[Dataset records]
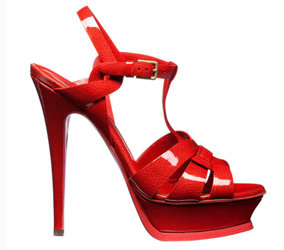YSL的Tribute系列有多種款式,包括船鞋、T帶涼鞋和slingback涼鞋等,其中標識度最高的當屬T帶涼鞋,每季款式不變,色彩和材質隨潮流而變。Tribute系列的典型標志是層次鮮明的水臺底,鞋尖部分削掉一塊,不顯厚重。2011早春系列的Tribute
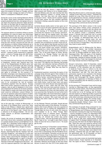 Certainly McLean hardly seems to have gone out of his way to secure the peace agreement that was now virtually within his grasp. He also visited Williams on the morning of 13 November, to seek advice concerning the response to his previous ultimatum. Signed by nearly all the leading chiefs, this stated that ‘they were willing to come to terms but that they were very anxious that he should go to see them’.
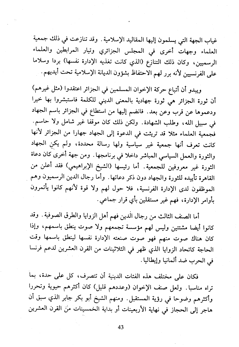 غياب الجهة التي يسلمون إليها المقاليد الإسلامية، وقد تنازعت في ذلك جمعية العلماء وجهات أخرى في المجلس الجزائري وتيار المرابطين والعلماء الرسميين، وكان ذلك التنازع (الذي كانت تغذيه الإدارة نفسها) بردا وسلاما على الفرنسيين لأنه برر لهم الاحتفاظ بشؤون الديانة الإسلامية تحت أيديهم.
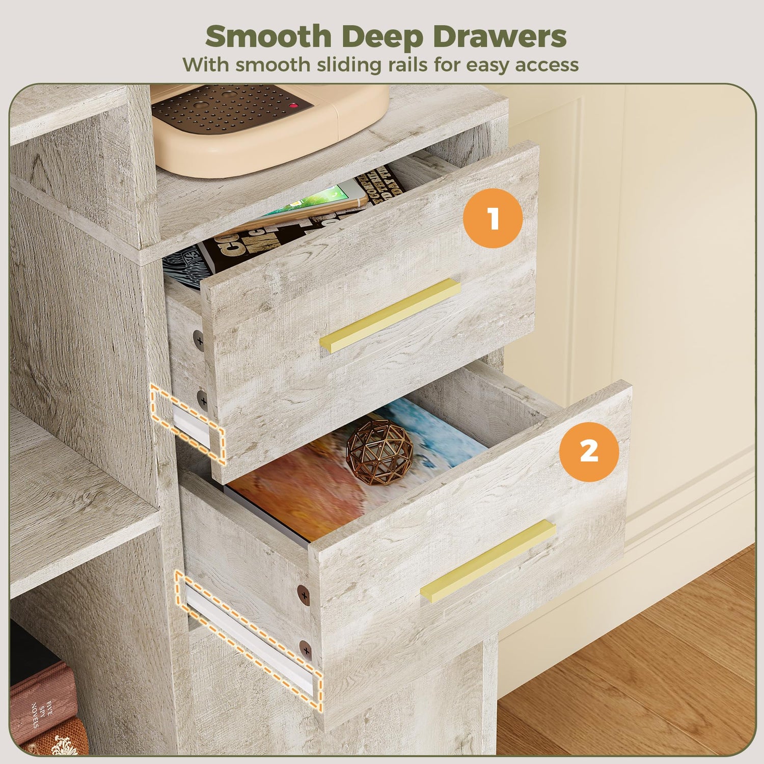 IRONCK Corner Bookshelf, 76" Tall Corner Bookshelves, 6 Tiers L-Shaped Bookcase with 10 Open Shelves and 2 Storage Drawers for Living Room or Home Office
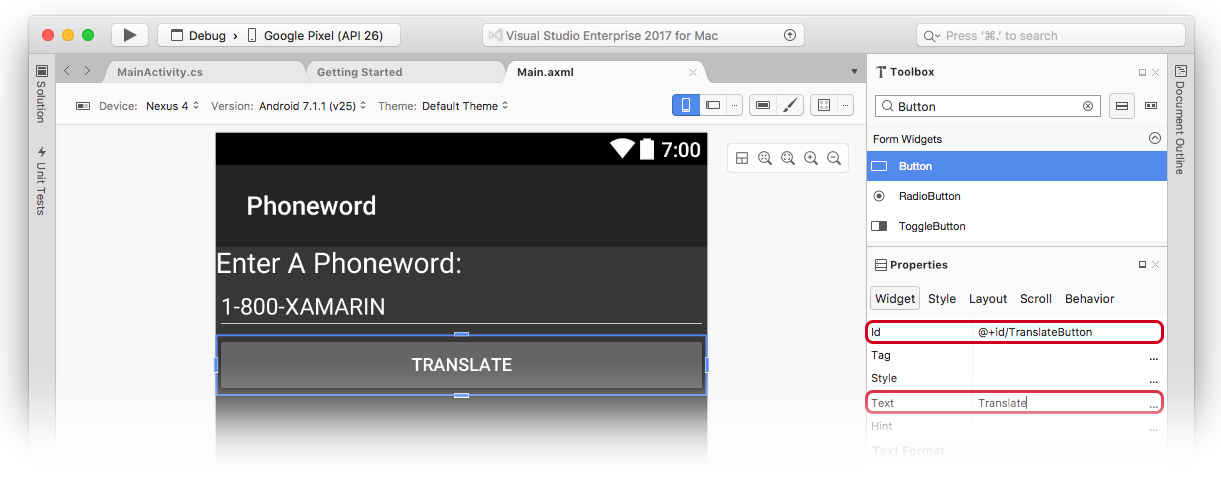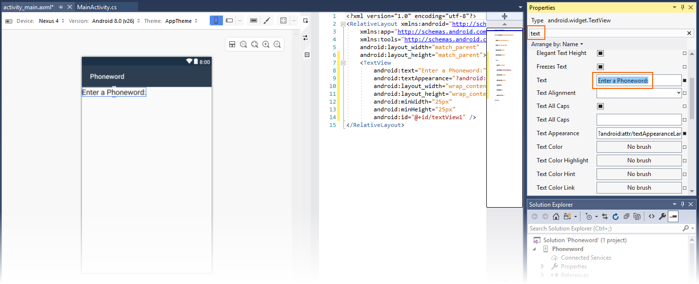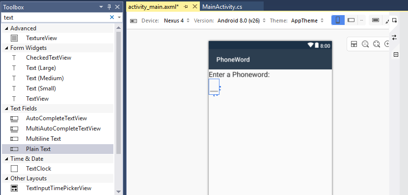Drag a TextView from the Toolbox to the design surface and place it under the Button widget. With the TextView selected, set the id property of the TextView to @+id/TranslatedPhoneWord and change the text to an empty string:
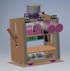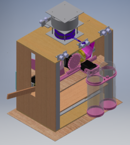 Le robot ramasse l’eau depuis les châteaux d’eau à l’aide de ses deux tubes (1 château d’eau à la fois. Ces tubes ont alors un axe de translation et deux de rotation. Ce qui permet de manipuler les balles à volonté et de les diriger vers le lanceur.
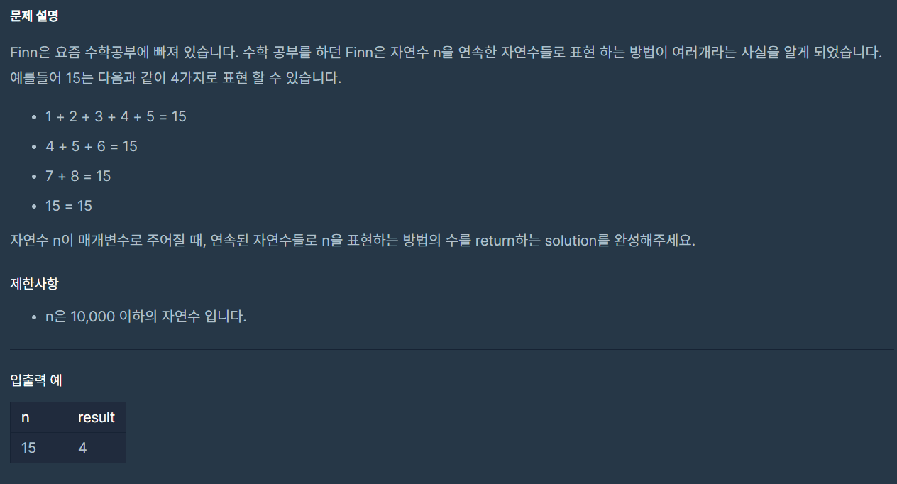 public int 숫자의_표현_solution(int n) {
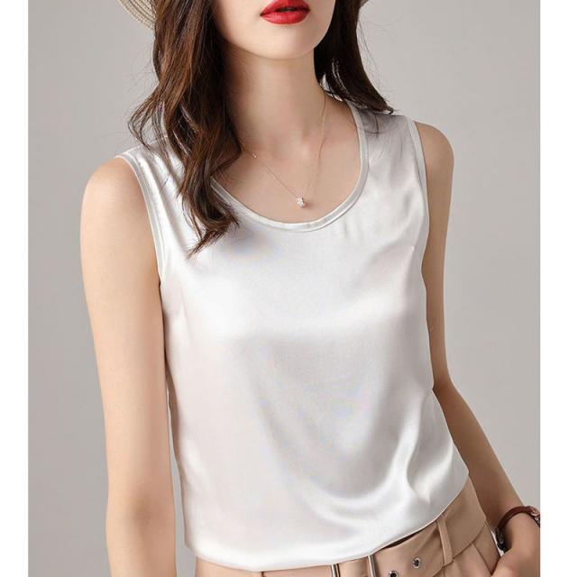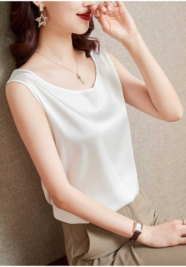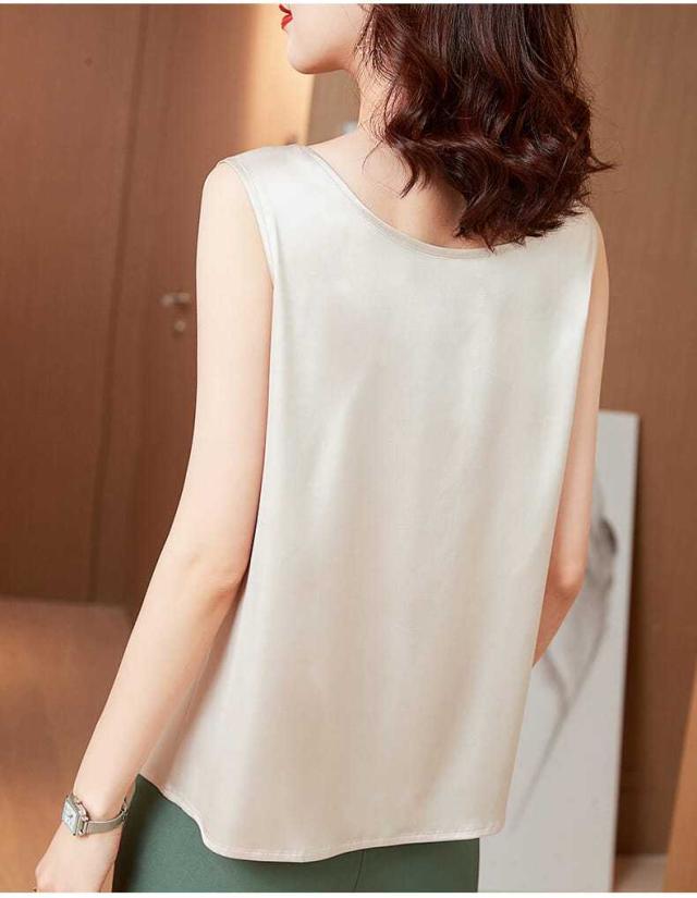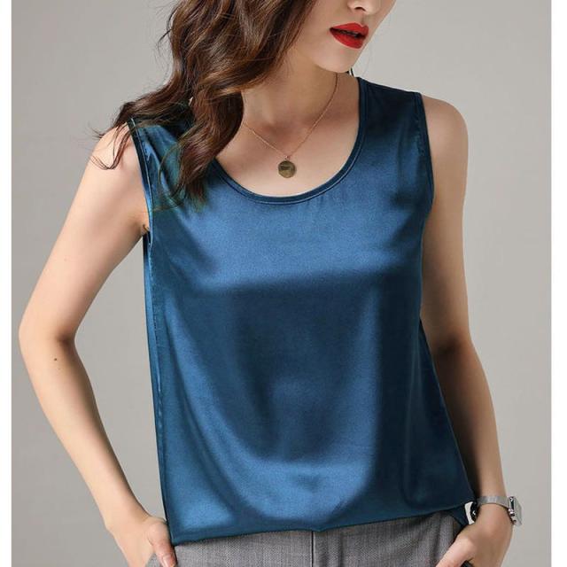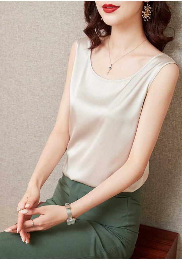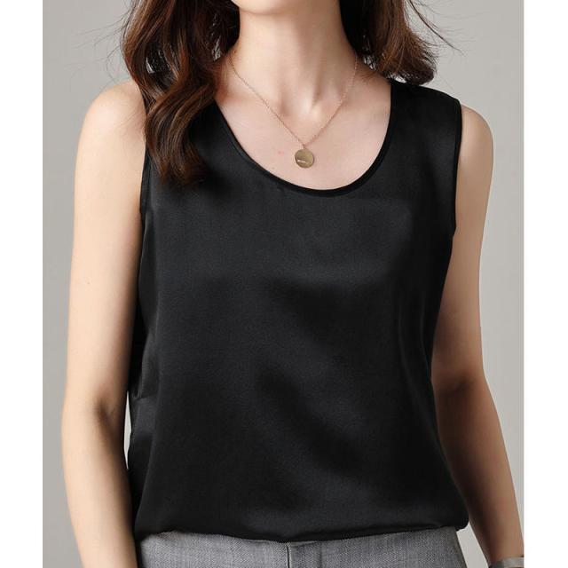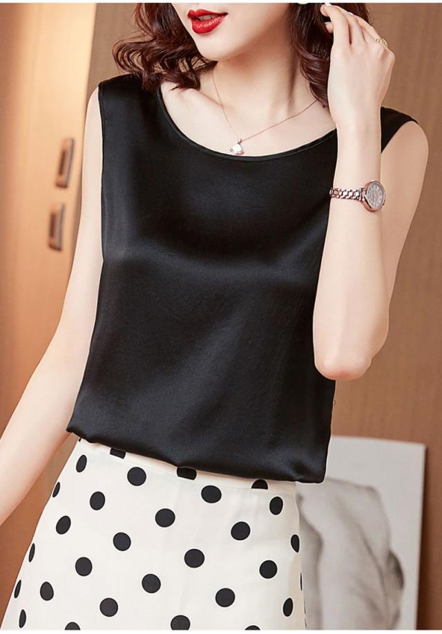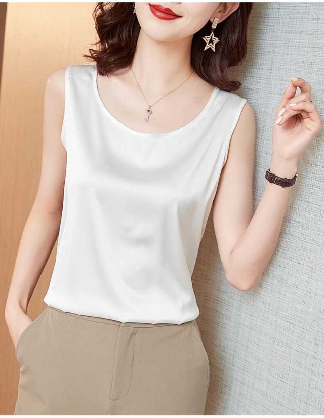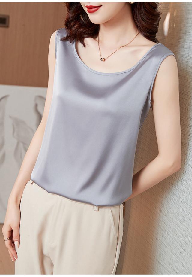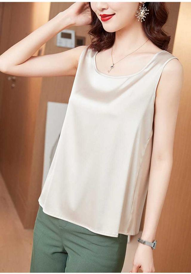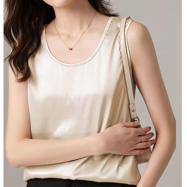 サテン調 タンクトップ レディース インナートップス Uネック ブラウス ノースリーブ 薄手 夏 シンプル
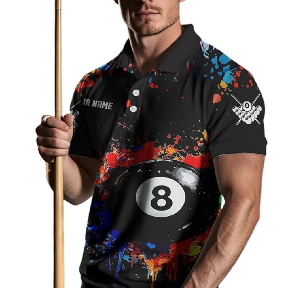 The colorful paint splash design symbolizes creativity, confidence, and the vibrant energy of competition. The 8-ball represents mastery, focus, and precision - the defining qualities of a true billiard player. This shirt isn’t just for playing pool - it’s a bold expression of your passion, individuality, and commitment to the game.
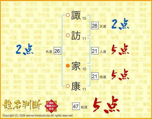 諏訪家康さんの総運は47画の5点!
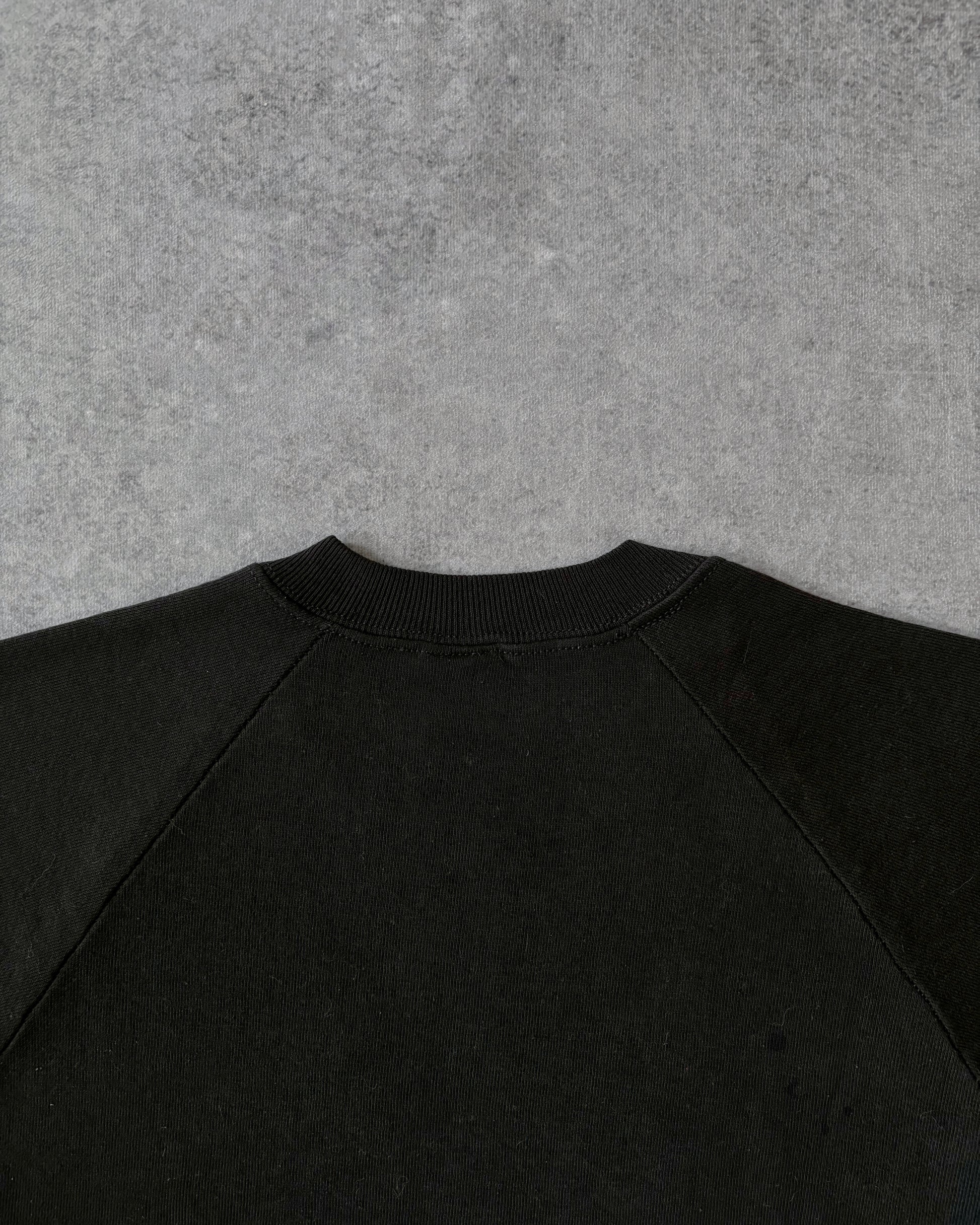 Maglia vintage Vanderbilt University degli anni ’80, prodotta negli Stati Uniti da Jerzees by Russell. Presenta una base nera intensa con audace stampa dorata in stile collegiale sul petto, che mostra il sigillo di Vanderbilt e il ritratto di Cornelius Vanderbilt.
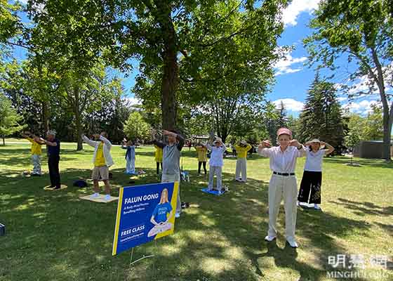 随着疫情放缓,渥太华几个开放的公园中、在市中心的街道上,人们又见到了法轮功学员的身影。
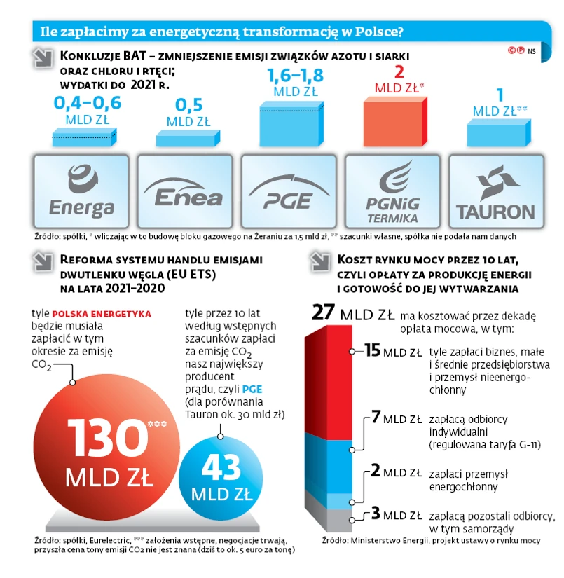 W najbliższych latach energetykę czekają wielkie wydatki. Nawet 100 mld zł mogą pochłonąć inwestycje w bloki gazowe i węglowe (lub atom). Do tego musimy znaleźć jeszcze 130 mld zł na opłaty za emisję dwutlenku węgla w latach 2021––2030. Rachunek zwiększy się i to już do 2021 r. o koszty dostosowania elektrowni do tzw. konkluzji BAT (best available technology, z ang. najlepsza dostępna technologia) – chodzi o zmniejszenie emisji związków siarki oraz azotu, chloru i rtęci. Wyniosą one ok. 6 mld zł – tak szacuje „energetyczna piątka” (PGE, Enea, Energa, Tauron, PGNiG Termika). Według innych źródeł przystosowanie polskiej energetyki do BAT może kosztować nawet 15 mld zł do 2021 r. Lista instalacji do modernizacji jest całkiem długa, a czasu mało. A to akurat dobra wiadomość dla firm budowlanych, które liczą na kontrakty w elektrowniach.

## About this task
Above are the records; please give again, exactly and in full, only the lines that run from the line with "Maglia vintage Vanderbilt" through the line with "随着疫情放缓,渥太华几个开放", with no pictures.

## Output of the exercise
 Maglia vintage Vanderbilt University degli anni ’80, prodotta negli Stati Uniti da Jerzees by Russell. Presenta una base nera intensa con audace stampa dorata in stile collegiale sul petto, che mostra il sigillo di Vanderbilt e il ritratto di Cornelius Vanderbilt.
 随着疫情放缓,渥太华几个开放的公园中、在市中心的街道上,人们又见到了法轮功学员的身影。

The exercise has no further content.